J Neurooncol. 2011 Dec;105(3):539-45. doi: 10.1007/s11060-011-0615-4. Epub 2011 May 29.

Abstract

Anaplastic ganglioglioma (AGG) are rare central nervous system tumours. Patient and treatment factors associated with outcome are poorly defined and limited to small retrospective case series and single case reports. Using the Surveillance, Epidemiology, and End Results (SEER) cancer registry, we investigated potential clinicopathological factors that can affect outcome in patients with anaplastic ganglioglioma. Patients with anaplastic ganglioglioma diagnosed between 1973 and 2007 were identified from the SEER database. Kaplan-Meier survival analysis and Cox models were used to examine the effect of variables on overall survival. The variables analysed included patient age at diagnosis, gender, race, tumour location, uni-focal or multi-focal tumour, surgical resection and the use of adjuvant radiotherapy. Fifty-eight patients were identified, with a median age at diagnosis of 25.5 years.

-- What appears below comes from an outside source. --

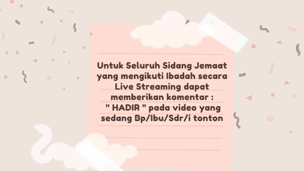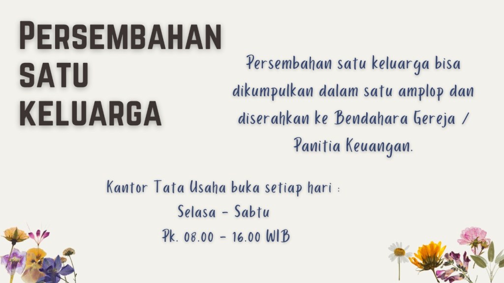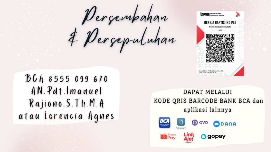 Bagi Jemaat yang mengikuti Ibadah Secara Live Streaming PERSEMBAHAN satu keluarga dapat dikumpulkan ke dalam satu amplop dan dapat diserahkan kepada Bendahara Gereja / Panitia Keuangan- Kantor Tata Usaha buka setiap hari : Selasa-Sabtu Jam 08.00 WIB – 16.00 WIB.PERSEMBAHAN dan PERSEPULUHAN dapat di transfer ke Rekening Gereja, Bank BCA No Rek. 855 509 9670A.N. Pdt. Imanuel Rajiono, S.Th., M.A atau Lorencia Agnes. Transaksi Pemberian Persembahan dan Persepuluhan Melalui Kode Barcode QRIS dari Bank BCA.

Ninety-three percent of patients underwent surgery and 36% received adjuvant radiotherapy. The median overall survival was 28.5 months. The most common tumour site was the temporal lobe (27%). Univariate and multivariate analysis identified surgery and uni-focal disease as important predictors of overall survival. Adjuvant radiotherapy did not influence overall survival. This study represents the largest analysis of anaplastic ganglioglioma to date. Furthermore it also emphasises the role of national tumour databases for furthering our understanding of rare brain tumours and determining management options.

摘要

间变性神经节胶质瘤(AGG)是一种罕见的中枢神经系统肿瘤。与患者预后相关的患者和治疗因素定义不明确,仅限于小样本回顾性病例系列和单病例报告。本研究利用监测、流行病学和最终结果(SEER)癌症登记处,调查了可能影响间变性神经节胶质瘤患者预后的潜在临床病理因素。从 SEER 数据库中确定了 1973 年至 2007 年间诊断为间变性神经节胶质瘤的患者。Kaplan-Meier 生存分析和 Cox 模型用于检查变量对总生存的影响。分析的变量包括患者诊断时的年龄、性别、种族、肿瘤部位、单发或多发肿瘤、手术切除和辅助放疗的使用。共确定了 58 例患者,诊断时的中位年龄为 25.5 岁。93%的患者接受了手术,36%的患者接受了辅助放疗。中位总生存期为 28.5 个月。最常见的肿瘤部位是颞叶(27%)。单因素和多因素分析确定手术和单发疾病是总生存的重要预测因素。辅助放疗并不影响总生存。本研究是迄今为止对间变性神经节胶质瘤最大的分析。此外,它还强调了国家肿瘤数据库在进一步了解罕见脑肿瘤和确定治疗方案方面的作用。